• Problem statement: The entire listing that follows must be repeated exactly, pictures excluded.
··· Data shown ···
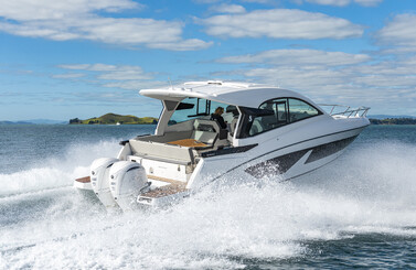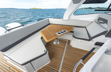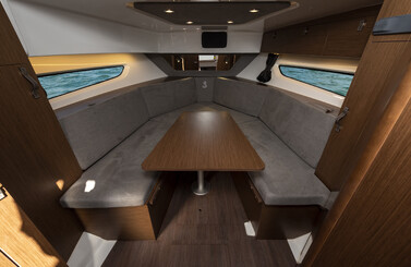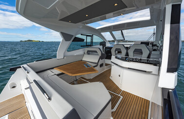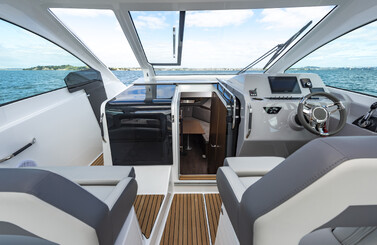 In the cockpit, the full beam layout of the Gran Turismo 32 allows for the best use of space. The back rest of the lounger seat and the aft bench tip back to create a large sunbathing area. To the bow, a safe and easy access thanks to the semi-walkaround leads to the sunbath for 3 people.
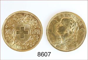 Goldmünze, 20 Schweizer Franken,"VRENELI",1935,geringfügige Faßspuren
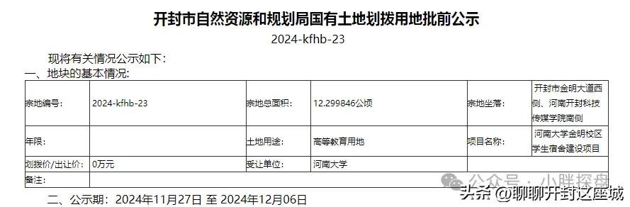 2024年11月27日,以高等教育用地划拨的形式将河南大学金明校区学生宿舍建设项目划拨给河南大学并进行批前公示。公示期为2024年11月27日 至 2024年12月06日。
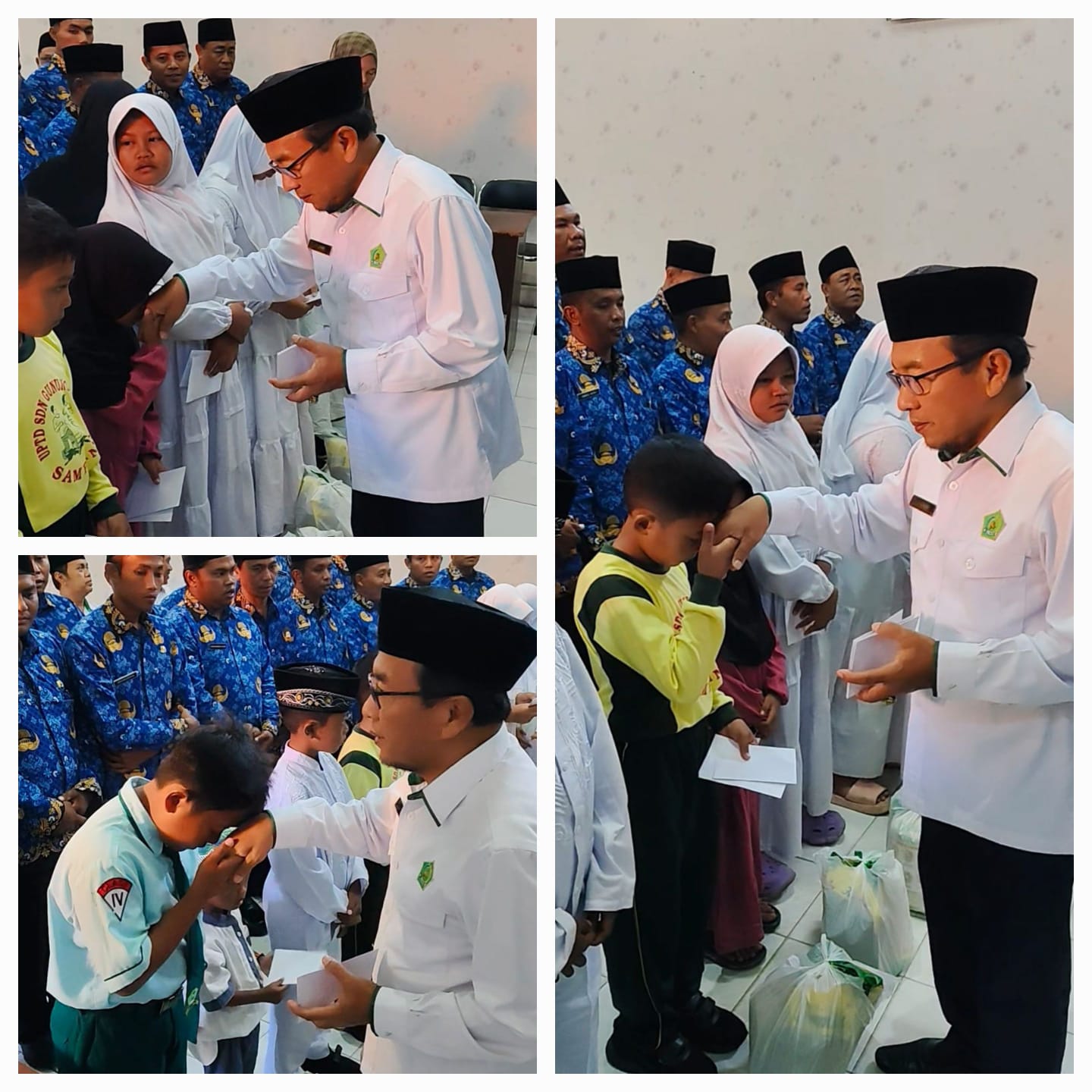 kemenagsampang.com-Suasana haru menyelimuti Aula Kantor Kementerian Agama (Kemenag) Kabupaten Sampang saat puluhan anak yatim piatu menerima santunan dari Kepala Kemenag Sampang, Fandi, Selasa (7/10/2025).
···
• Result of this task:
 In the cockpit, the full beam layout of the Gran Turismo 32 allows for the best use of space. The back rest of the lounger seat and the aft bench tip back to create a large sunbathing area. To the bow, a safe and easy access thanks to the semi-walkaround leads to the sunbath for 3 people.
 Goldmünze, 20 Schweizer Franken,"VRENELI",1935,geringfügige Faßspuren
 2024年11月27日,以高等教育用地划拨的形式将河南大学金明校区学生宿舍建设项目划拨给河南大学并进行批前公示。公示期为2024年11月27日 至 2024年12月06日。
 kemenagsampang.com-Suasana haru menyelimuti Aula Kantor Kementerian Agama (Kemenag) Kabupaten Sampang saat puluhan anak yatim piatu menerima santunan dari Kepala Kemenag Sampang, Fandi, Selasa (7/10/2025).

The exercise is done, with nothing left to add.